ZaumThere’s a lot of fun to be had when modern rock bands decide to create fake musical ethnography, to re-make and re-model ancient and sacred music. Sweden’s Goat are perhaps the most famous example, self-mythologizing merry pranksters, swirling around in their masks and partying like it’s BC 99. There is also the perhaps more studious approach of bands like Master Musicians of Bukkake, who seem to want to go deep, conjuring fantastical, ritualistic music of considerable drama.

New Brunswick duo Zaum are closer to the latter on their new release “Oracles”, a rich and at times pompous record that takes it’s self-appointed ‘Middle Eastern Mantra Doom’ tag very seriously.

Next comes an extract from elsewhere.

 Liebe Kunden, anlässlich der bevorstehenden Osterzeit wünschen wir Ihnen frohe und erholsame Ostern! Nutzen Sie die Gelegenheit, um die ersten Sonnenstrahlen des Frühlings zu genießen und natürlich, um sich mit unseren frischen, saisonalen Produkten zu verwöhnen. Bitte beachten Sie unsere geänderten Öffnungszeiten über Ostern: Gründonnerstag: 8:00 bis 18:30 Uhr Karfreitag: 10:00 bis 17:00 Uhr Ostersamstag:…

First of the four epic tracks is ‘The Zealot’, beginning with sombre, heavily treated strings moving into ominous chords and drones. Chanted vocals complete the faux musical archaeology, summoning up the fictional desert land which Zaum inhabit. It has the pace of classic early stoner rock but with an added depth of otherworldliness. This is not often music as physical release but of introverted journey. ‘The Zealot’ does build to a climax of sorts, the playing more pacy before returning to those solemn opening chords and then rising , somewhat triumphant, towards surging chants before some final authoritative drumming stops its reveries.

The heady swell of throat singing, ululations and what sounds like sitars, like a call to prayer through a dream, on ‘The Red Sea’ are impressively rendered. Sounding like obscure chill-out music, it’s comforting until more ominous guitar lines emerge through a haze of pedals. The menacing spoken word passage is like a duet by Carl McCoy and Dave Brock, but it drags on in grisly fashion, the mood of exoticism replaced by mild tedium. The song does get into a decent head-nodding groove with crunching drums and a simple repetitive chant; in fact, it’s punishingly downbeat and ends in almost Celtic Frost-like eerie malevolence.

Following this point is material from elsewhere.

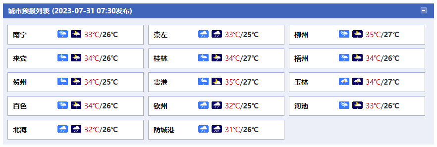 廣西氣象臺(tái)31日05時(shí)發(fā)布預(yù)報(bào):

‘Peasant of Parthia’ has ambient keys jumping into big jangling riffs and thudding percussion, from which throat singing and then more traditional trippy stoner vocals take over. Whilst less outré and odd it is more powerful and engaging without entirely throwing the baby out with the asses milk. It’s vaguely trance-like thanks to that throat singing under-pinning the tune. It is the shortest and sweetest of the bunch at under 9 minutes!

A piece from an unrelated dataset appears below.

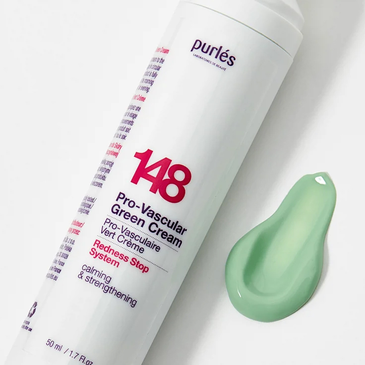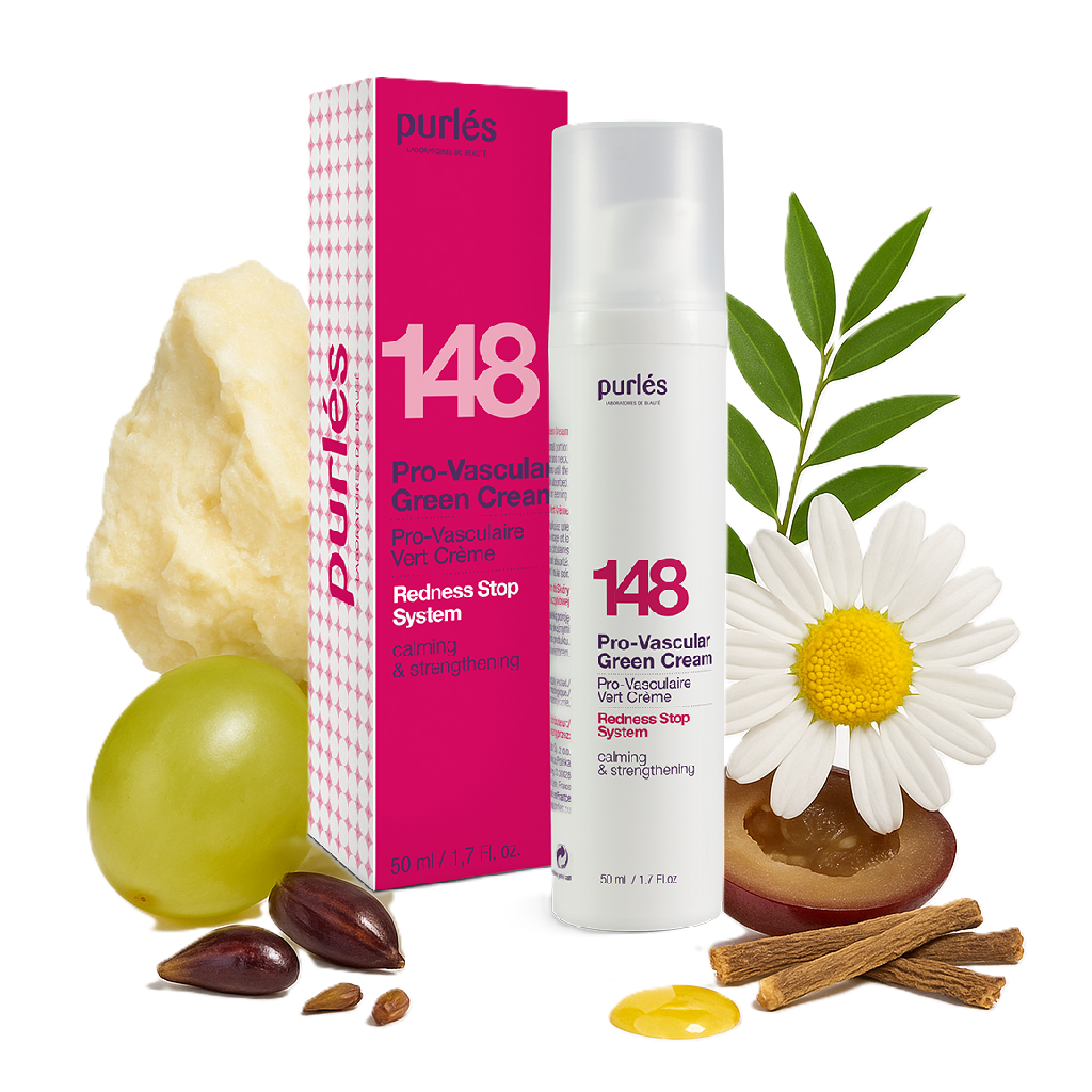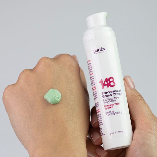 Purles 148 Zielony Krem Pro-Vascular do Skóry Naczyniowej i z Rumieniem 50 ml to innowacyjny preparat dedykowany cerze naczyniowej, który oferuje natychmiastową ulgę oraz redukcję zaczerwienień. Dzięki swojej zaawansowanej formule, pełnej naturalnych składników, krem ten nie tylko maskuje niedoskonałości, ale również wzmacnia naczynia krwionośne i koi podrażnienia, czyniąc go idealnym wyborem na co dzień oraz jako baza pod makijaż.

The template set down with Middle Eastern melodies (played on heavily treated guitars and sitars) giving way to doomy, lurching beats and menacing spoken words vocals returns on ‘Omen’ which, like on ‘The Red Sea’, don’t really convince – a tad pretentious in an ’80s goth type of way. The rather effective throat singing is again punctured by more traditionally rock-ist vocal interventions which, for me, mar the mood.

This an acquired taste and not wholly successful, but I admire their spirit of adventure and at times this is a refreshingly odd doom metal experiment.